Find the line below with "เรือริเวอร์ไซด์ ฟารายา ❤️(ฮาลาล)❤️" and the line with "Brand new UGG". Output them and the lines between, exactly, but not the pictures.

Material supplied
--- --- ---

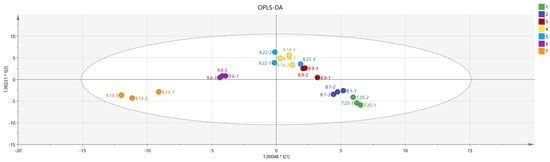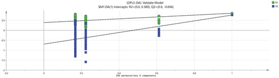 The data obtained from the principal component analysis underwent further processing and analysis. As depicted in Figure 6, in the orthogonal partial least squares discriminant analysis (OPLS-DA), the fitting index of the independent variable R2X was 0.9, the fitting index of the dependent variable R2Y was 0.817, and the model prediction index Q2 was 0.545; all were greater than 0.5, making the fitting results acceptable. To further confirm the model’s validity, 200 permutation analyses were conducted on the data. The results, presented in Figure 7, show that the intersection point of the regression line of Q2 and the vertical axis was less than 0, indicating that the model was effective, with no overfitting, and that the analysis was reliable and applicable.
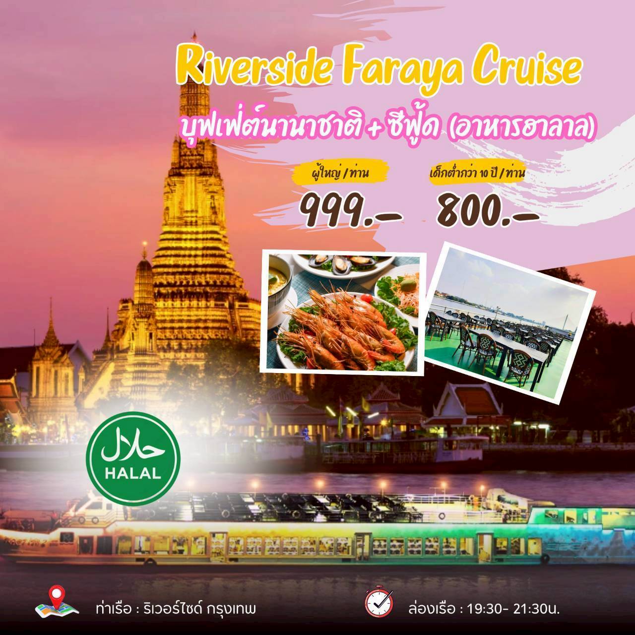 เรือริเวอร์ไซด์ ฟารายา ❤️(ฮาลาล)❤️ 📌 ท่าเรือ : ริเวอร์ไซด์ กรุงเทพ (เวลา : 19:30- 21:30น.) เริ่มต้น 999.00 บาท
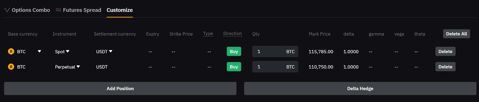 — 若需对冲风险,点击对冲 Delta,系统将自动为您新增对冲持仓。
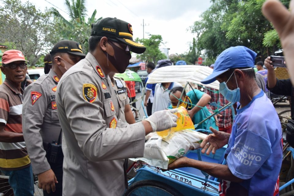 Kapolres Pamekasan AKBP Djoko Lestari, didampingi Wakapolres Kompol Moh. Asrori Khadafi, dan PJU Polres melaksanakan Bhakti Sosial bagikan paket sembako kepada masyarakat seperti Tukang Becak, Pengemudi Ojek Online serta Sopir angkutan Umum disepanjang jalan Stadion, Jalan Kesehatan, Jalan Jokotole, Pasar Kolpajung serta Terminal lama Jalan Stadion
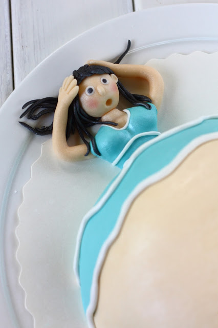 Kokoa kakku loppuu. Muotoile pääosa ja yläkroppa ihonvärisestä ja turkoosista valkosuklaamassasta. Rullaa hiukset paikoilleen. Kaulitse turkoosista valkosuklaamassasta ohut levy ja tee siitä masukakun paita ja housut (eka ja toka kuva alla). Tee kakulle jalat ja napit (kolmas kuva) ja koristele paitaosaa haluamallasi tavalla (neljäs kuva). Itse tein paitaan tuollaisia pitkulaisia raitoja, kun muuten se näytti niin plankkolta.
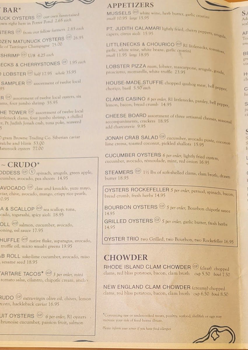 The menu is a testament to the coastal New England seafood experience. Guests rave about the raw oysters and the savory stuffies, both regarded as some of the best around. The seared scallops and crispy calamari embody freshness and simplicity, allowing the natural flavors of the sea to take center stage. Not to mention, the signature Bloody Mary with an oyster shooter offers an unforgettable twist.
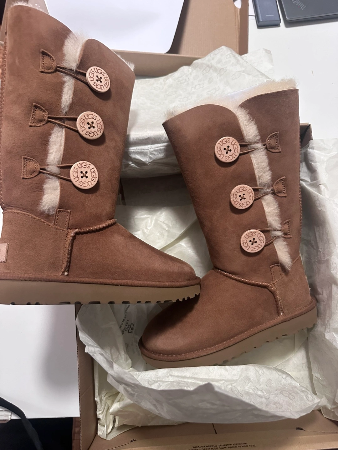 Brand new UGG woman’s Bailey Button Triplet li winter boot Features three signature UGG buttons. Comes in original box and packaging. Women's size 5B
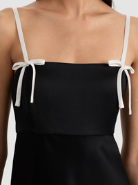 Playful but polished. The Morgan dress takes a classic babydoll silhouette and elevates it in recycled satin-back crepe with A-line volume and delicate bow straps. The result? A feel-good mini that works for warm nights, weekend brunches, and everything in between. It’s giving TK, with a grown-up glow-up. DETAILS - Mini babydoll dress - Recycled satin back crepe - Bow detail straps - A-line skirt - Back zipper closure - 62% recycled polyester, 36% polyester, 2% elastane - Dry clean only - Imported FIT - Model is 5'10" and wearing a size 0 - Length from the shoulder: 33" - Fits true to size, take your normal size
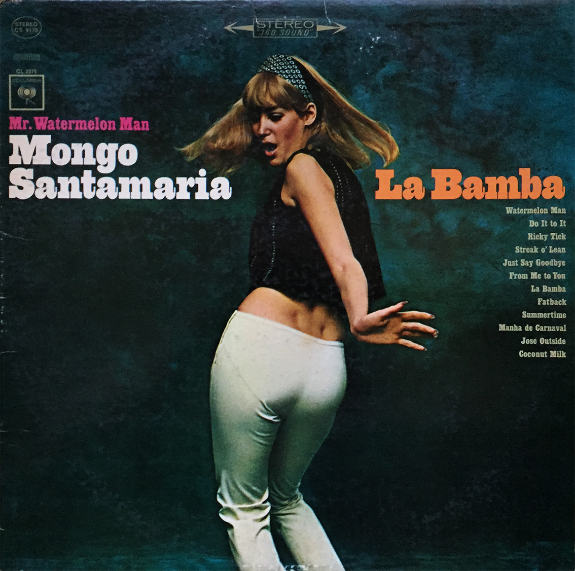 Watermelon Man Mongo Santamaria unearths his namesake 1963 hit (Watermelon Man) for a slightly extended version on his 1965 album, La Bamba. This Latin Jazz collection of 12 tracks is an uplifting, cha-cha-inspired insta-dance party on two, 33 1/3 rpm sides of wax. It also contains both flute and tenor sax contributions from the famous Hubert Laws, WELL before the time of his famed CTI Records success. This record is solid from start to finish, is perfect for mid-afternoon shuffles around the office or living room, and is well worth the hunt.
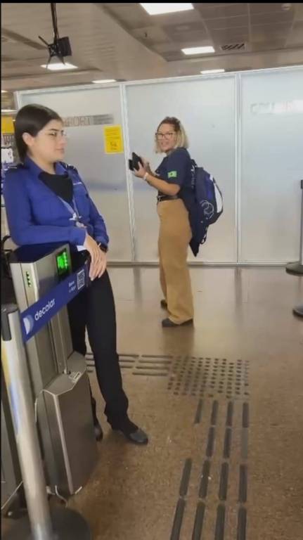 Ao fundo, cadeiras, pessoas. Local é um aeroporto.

--- --- ---

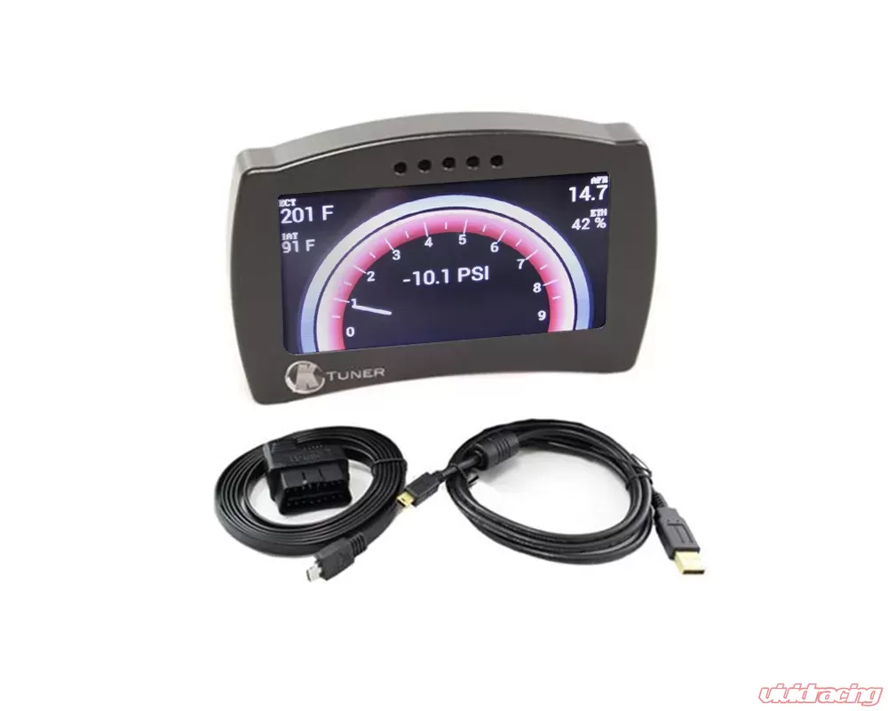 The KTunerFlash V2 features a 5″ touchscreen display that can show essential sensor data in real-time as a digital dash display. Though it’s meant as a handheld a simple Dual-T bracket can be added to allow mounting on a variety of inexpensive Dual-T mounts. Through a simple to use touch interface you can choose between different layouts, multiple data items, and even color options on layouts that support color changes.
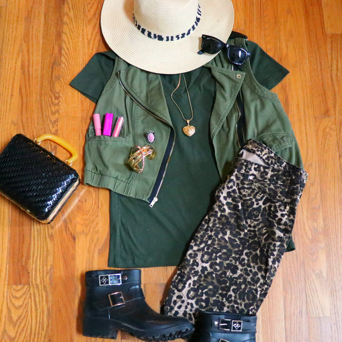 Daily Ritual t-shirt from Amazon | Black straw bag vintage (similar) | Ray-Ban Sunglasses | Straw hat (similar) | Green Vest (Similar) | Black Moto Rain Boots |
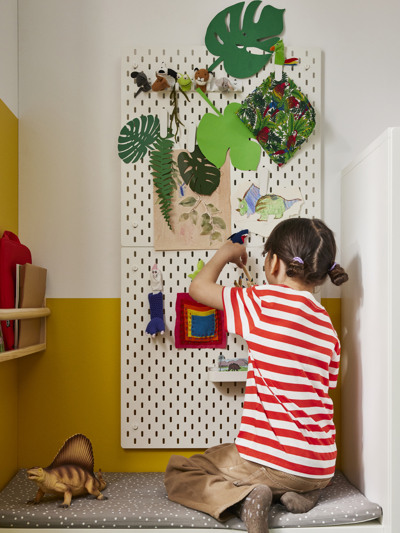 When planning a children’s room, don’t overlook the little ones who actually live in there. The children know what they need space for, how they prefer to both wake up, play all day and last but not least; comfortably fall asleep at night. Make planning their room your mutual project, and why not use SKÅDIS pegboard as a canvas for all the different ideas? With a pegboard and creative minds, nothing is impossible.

--- --- ---

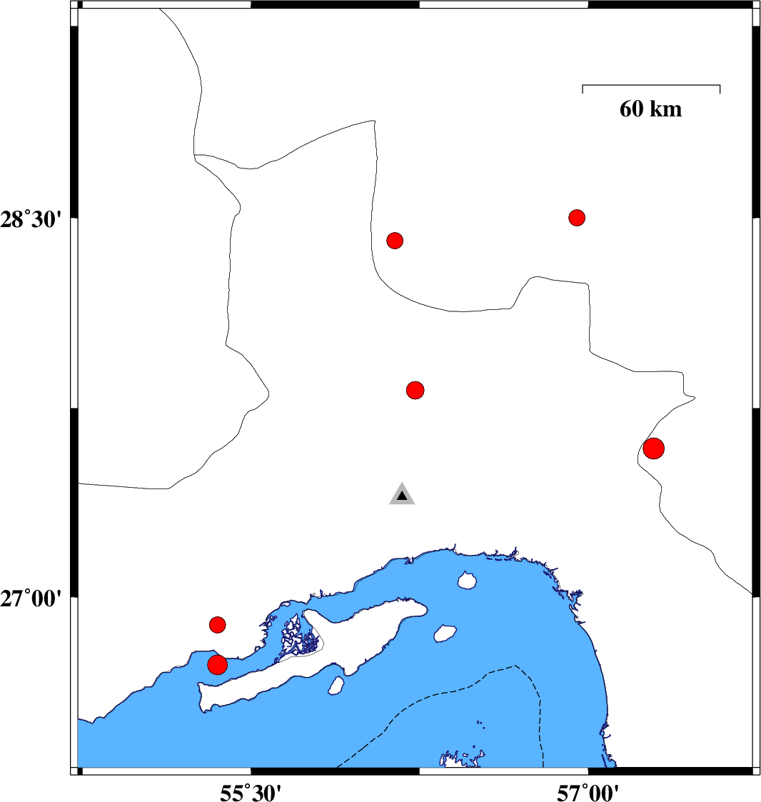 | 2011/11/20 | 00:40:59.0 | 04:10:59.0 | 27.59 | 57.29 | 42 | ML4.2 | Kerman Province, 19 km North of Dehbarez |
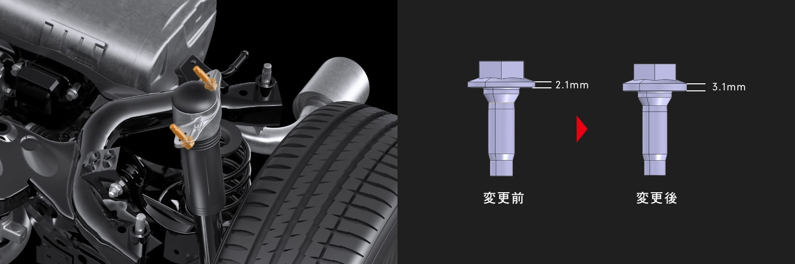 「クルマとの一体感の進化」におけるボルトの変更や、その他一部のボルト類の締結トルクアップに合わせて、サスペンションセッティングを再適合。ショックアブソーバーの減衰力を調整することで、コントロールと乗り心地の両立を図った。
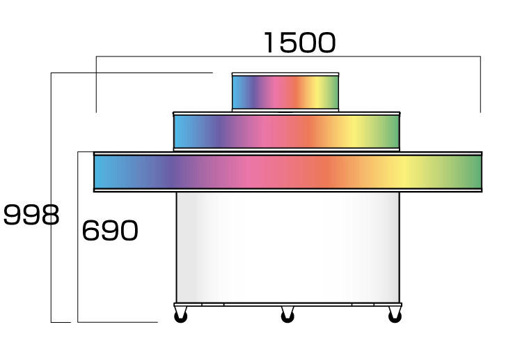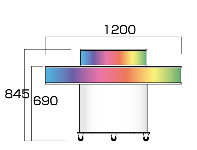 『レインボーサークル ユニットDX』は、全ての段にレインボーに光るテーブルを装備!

--- --- ---

Solution to the exercise
 เรือริเวอร์ไซด์ ฟารายา ❤️(ฮาลาล)❤️ 📌 ท่าเรือ : ริเวอร์ไซด์ กรุงเทพ (เวลา : 19:30- 21:30น.) เริ่มต้น 999.00 บาท
 — 若需对冲风险,点击对冲 Delta,系统将自动为您新增对冲持仓。
 Kapolres Pamekasan AKBP Djoko Lestari, didampingi Wakapolres Kompol Moh. Asrori Khadafi, dan PJU Polres melaksanakan Bhakti Sosial bagikan paket sembako kepada masyarakat seperti Tukang Becak, Pengemudi Ojek Online serta Sopir angkutan Umum disepanjang jalan Stadion, Jalan Kesehatan, Jalan Jokotole, Pasar Kolpajung serta Terminal lama Jalan Stadion
 Kokoa kakku loppuu. Muotoile pääosa ja yläkroppa ihonvärisestä ja turkoosista valkosuklaamassasta. Rullaa hiukset paikoilleen. Kaulitse turkoosista valkosuklaamassasta ohut levy ja tee siitä masukakun paita ja housut (eka ja toka kuva alla). Tee kakulle jalat ja napit (kolmas kuva) ja koristele paitaosaa haluamallasi tavalla (neljäs kuva). Itse tein paitaan tuollaisia pitkulaisia raitoja, kun muuten se näytti niin plankkolta.
 The menu is a testament to the coastal New England seafood experience. Guests rave about the raw oysters and the savory stuffies, both regarded as some of the best around. The seared scallops and crispy calamari embody freshness and simplicity, allowing the natural flavors of the sea to take center stage. Not to mention, the signature Bloody Mary with an oyster shooter offers an unforgettable twist.
 Brand new UGG woman’s Bailey Button Triplet li winter boot Features three signature UGG buttons. Comes in original box and packaging. Women's size 5B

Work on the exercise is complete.